С этими словами он вышел из комнаты так спокойно, как вошел, и оставил своих гостей с признательностью размышлять о шетлендском гостеприимстве. Мы оба спрашиваем себя, что могут значить последние таинственные слова нашего хозяина, и обмениваемся более или менее различными догадками об этой неизвестной «другой особе», которая, может быть, будет услуживать мне, пока появление обеда не придает нашим мыслям другой оборот.

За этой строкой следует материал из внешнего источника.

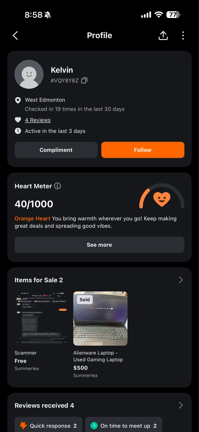 Accusing me as a scammer is different to my reviews and PINK HEART rating in Karrot.

Блюд не много, но они приготовлены отлично и превосходно сервированы. Я слишком устал, чтобы много есть, но рюмка прекрасной старой мадеры подкрепляет меня. Мы строим наши будущие планы, пока обедаем. Наше возвращение на яхту в Леруикской гавани должно последовать не позже завтрашнего дня. В настоящем положении вещей я могу только отпустить моего спутника вернуться на корабль и успокоить наших друзей, чтобы они напрасно не тревожились обо мне. На следующий день я обязуюсь послать на корабль письменный доклад о состоянии моего здоровья с человеком, который может привезти с собой мой чемодан.
Отдав эти распоряжения, приятель мой уходит (по моей собственной просьбе), попробовать свое искусство удить рыбу в озере. С помощью молчаливого Питера и аптечки я перевязываю свою рану, закутываюсь в удобный домашний халат, который всегда был готов в комнате для гостей, и опять ложусь в постель, попробовать укрепляющую силу сна.
Прежде чем молчаливый Питер выходит из комнаты, он подходит к окну и спрашивает очень коротко, задернуть ли занавеси. Еще более краткими словами, потому что я чувствую уже приближение сна, — я отвечаю: «Нет». Я не люблю закрывать веселый дневной свет. Для моей болезненной фантазии в эту минуту это значило бы все равно, что покориться добровольно ужасам продолжительной болезни. Колокольчик на столе у моей кровати, я всегда могу позвонить Питеру, если свет помешает мне спать. Поняв это, Питер молча кивает головой и уходит.
Несколько минут я лежу, лениво созерцая приятный огонь в камине. Между тем перевязка раны и примочка к вывихнутой кисти облегчили боль, которую я чувствовал до сих пор. Мало-помалу яркий огонь как будто потухает и все мои неприятности забываются.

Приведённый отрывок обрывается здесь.